3.7 A FÁBRICA DE ESPERANÇA

O tema ajuda humanitária será abordado de maneira mais detalhada nos dois capítulos que se seguirão, no entanto, torna-se necessário também falar sobre outra instituição que, segundo muitos interlocutores, de inspiração para que os então chamados “braços sociais” fossem formados: a Fábrica de Esperança. Tratou-se de uma Organização Não-Governamental, localizada no bairro de Acari no Rio de Janeiro, fundada em 1994 e encerrada em 1998. O estabelecimento ocupava uma área de 55 mil metros quadrados, se distribuindo por vários andares. O estabelecimento foi idealizado e presidido por Caio Fábio, na época também presidente da “Vinde”, uma revista de cunho evangélico largamente conhecida nacionalmente. Rapidamente este espaço ganhou visibilidade e notoriedade, tanto por parte de políticos cariocas e de envergadura nacional quanto de empresários que se dispuseram a estabelecer parcerias.

Em meados de 2015, quando perguntado por um espectador de seu programa diário sobre como se posicionar socialmente sem cair em “ideologias” – termo largamente difundido por ele e seus seguidores – ele responde:

O exemplo que eu sempre dou é o da Fábrica de Esperança. Nós não chegamos nas favelas de Acari e adjacências com força policial. A força policial tava lá a anos e só piorava. Nós chegamos foi com 66 projetos sociais simultâneos, que atendiam 24 mil pessoas, com um pequeno Estado montado lá dentro, uma pequena prefeitura, e todos os serviços médicos, sociais possíveis. Cursos técnicos, treinamento, esporte, creche, psicossocial, visitas de casa em casa; psicólogos atendendo a garotada, os pais, as mães. 300 mil pessoas a volta sendo atendidas. Depois de cinco anos a violência tinha caído pra 5% do que era, e o tráfico de drogas tinha quase acabado na

região. Ficou reduzido a nada! A 5% do que costumava ser. Isso só prova o que ele está dizendo: Na falta de um Estado, pra provar que o problema era o Estado, nós fizemos da Fábrica de Esperança um modelinho do Estado naquela comunidade de 300 mil pessoas.

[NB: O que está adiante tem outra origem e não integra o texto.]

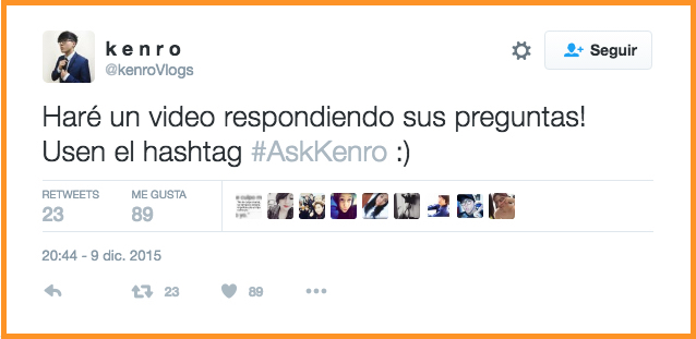 O youtuber clássico Kenro (em espanhol) é um dos muitos usuários do Twitter que aproveita este recurso: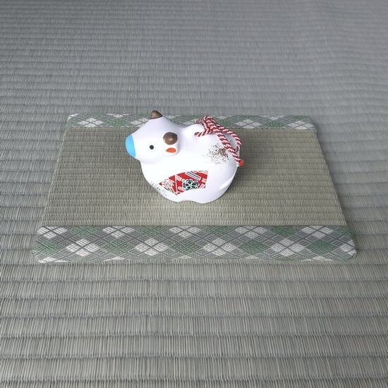 畳縁は緑色のアーガイル模様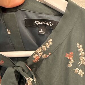 Madewell Green Floral Tiered Mini Dress with Tie Neck | Size S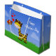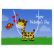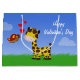 En söt och färglös Alla hjärtans dag-illustration med en giraffe och en fjäril med röda hjärtan och Valentines hälsning.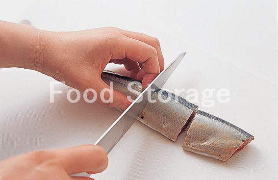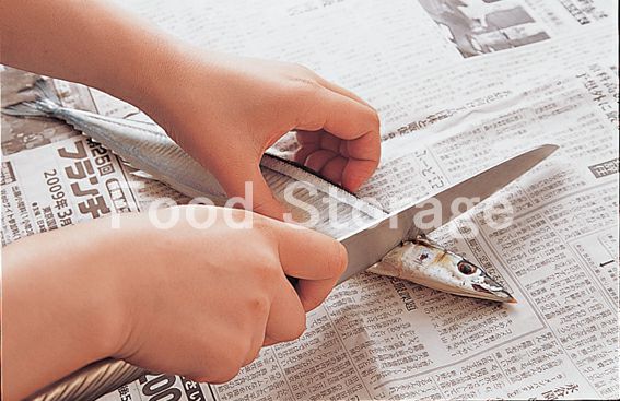 さんまはえらから包丁を入れ、頭を切り落とす。 |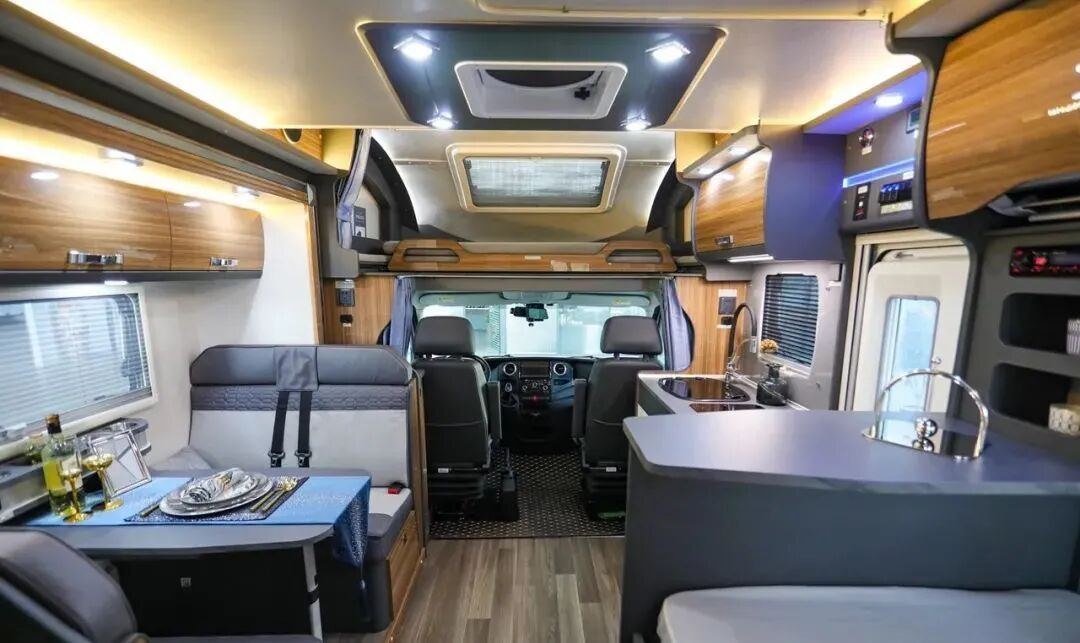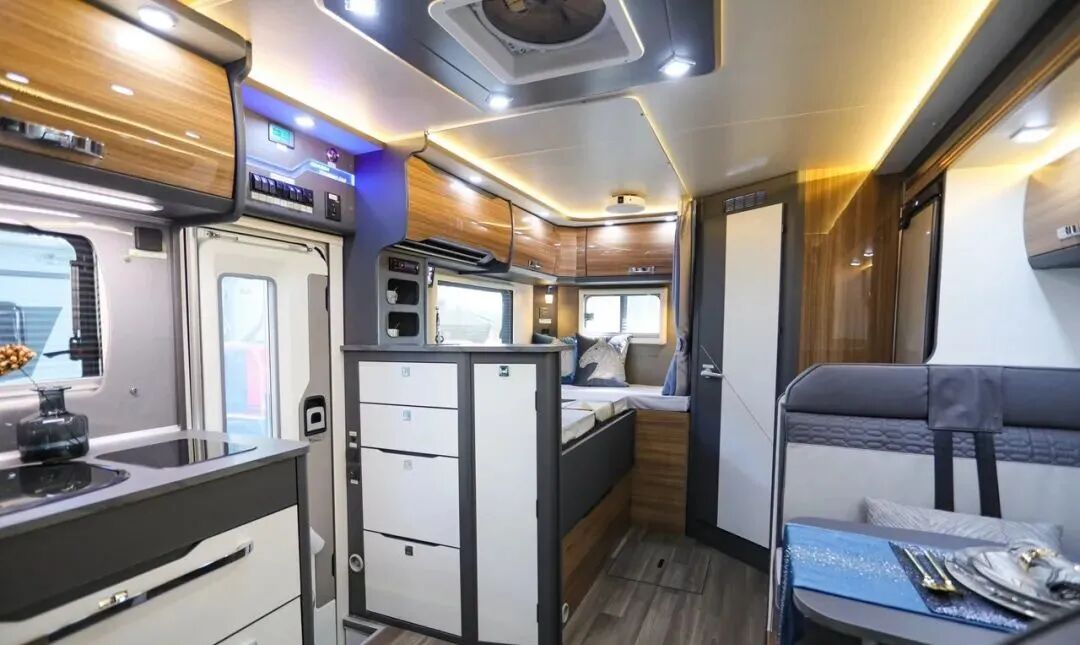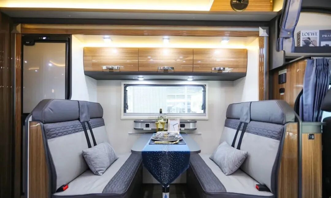 内饰采用胡桃木色系设计,搭配12V LED照明系统,简洁而富有质感;家具采用统一色系的E0级环保家具、房车专用地板革,保证了内饰的整体性,并且环保无污染;带有纱窗遮光帘的双层保温侧窗,加强了整车的保温隔热性能。

E cinco anos depois, aquela região que era o paiol de armas que servia, naquele tempo, ao Comando Vermelho e Terceiro Comando, porque os outros ainda estavam começando, os demais comandos da cidade... O paiol que servia ali, que não tava vinculado a ninguém pra ser distribuidor de armas, além de drogas, acabou. Ele (o tráfico) ficou bem reduzido. O Governo disse, isso foi estatística governamental... Depois da Fábrica de Esperança... Enquanto a Fábrica tava presente, ficou reduzido a 5% do que costumava ser antes. (Caio Fábio D’Araújo Filho, 22/10/2015)52

Caio Fábio ainda continua falando sobre sua discordância em relação à ocupação maciça das favelas pela força policial, ressaltando, como pode ser observado acima, tanto o trabalho desenvolvido pela Fábrica de Esperança, como também por conhecer “de dentro” como funcionam as organizações policiais e a lógica do Governo estadual. Ele explica que fez parte de uma equipe, em parceria com a corregedoria da PM – uma espécie de força tarefa – que responderia direto ao governador do estado do Rio. Ele afirma:

Eu trabalhei dentro da Polícia. Eu fui designado pelo governo do estado do Rio de Janeiro pra fazer parte de grupos que faziam um trabalho junto à Corregedoria de Polícia, mas era um conselho que funcionava de superior a Corregedoria, vinculada direto ao governador do estado, que naquele tempo era o Nilo Batista. Eu sei, eles me deram acesso a tudo! Eu sei como isso funciona. Eu tinha amigos lá dentro, coronéis da PM, gente boa. Naquele tempo a PM tinha 25% de evangélicos dentro da PM, no Rio de Janeiro. Hoje o número deve ser muito maior, mas você vê que não basta aquele simplismo de dizer: “Não, nós precisamos de muitas pessoas cristãs aqui dentro pra melhorar a PM.”. Aí botam uns cristãos lá dentro que não conhecem o Evangelho, que vêm dessas igrejas que a gente mostra aqui todo dia. O cara de Jesus só sabe o nome. Coitado, ele chega lá, depois de uns meses, um ano ou dois... Se ele não tiver muita consistência, ele acaba entrando num programa de existência que não era o dele; que nunca foi o sonho dele; que nem ele, e vai se prejudicando, porque faltam todos esses elementos. Desde aqueles de investimento direto na Polícia, como aqueles que têm a ver com o aparato na sociedade contingencial imediata ali, que é o que faz o trabalho da Polícia ali, se tornar mais viável e mais possível!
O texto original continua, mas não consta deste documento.